A week in the country, in an old farmhouse. Snow fell and blanketed the fields. Wind came in gusts and blew fiercely. At night I could feel it, whispering through the walls, stoking my hair on the pillow.
I knew nothing about him, the ghost, apart from multiple people in my family insisting they’ve seen him. He once lived in the house, they imagine.
Could that be love? I wondered. Belonging to a place so deeply that your loyalty to it extends even beyond death?
I both wanted and didn’t want to see him. When I woke in the middle of the night I would keep my eyes closed, imaging his face, inches from mine. It felt like he was always around the corner. His presence would be confirmation, I supposed, that such a love was possible.
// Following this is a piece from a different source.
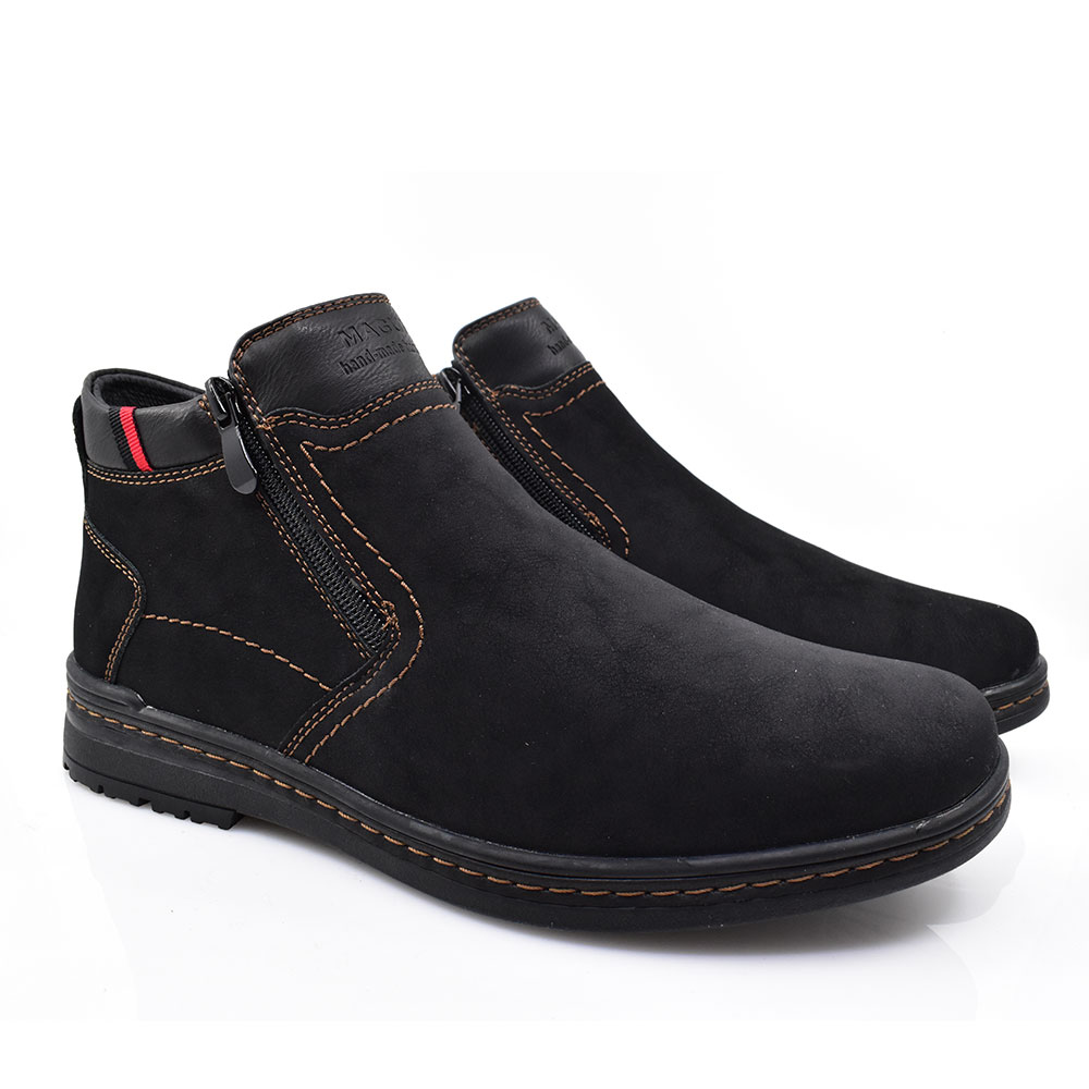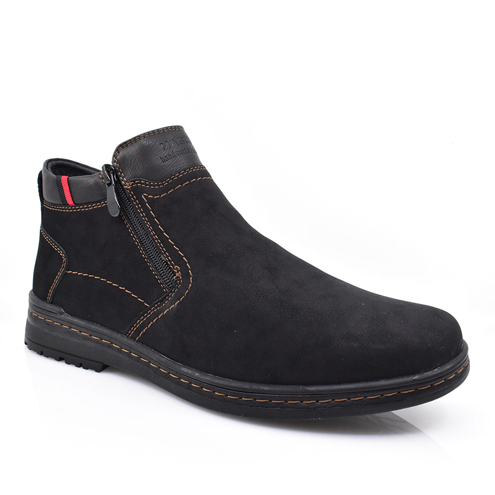 Ανδρικά μποτάκια με επένδυση από συνθετική γούνα. Διαθέτουν αντιολισθητική και αντικραδασμική σόλα για περισσότερη ασφάλεια και σιγουριά στα βήματα σας, με φερμουάρ στο πλάι για εύκολη και γρήγορη εφαρμογή.

Afternoons were quiet; no one was home. I positioned the desk in front of an arched window. I wanted to spend time in an old farmhouse because I’m writing about one; my extended family was out of town and I was eager to immerse myself in the “psychology of the house”.1 Stationed at the desk, my back was exposed to the rest of the room. Every so often, the wooden floors would creak behind me. My heart would hitch and I’d think it’s him, and spin around wildly as though speed would remedy the shock of our encounter, but it was only ever the cat, with its brilliant marble-green eyes and war-wound gash across the nose, never the man. Never the ghost.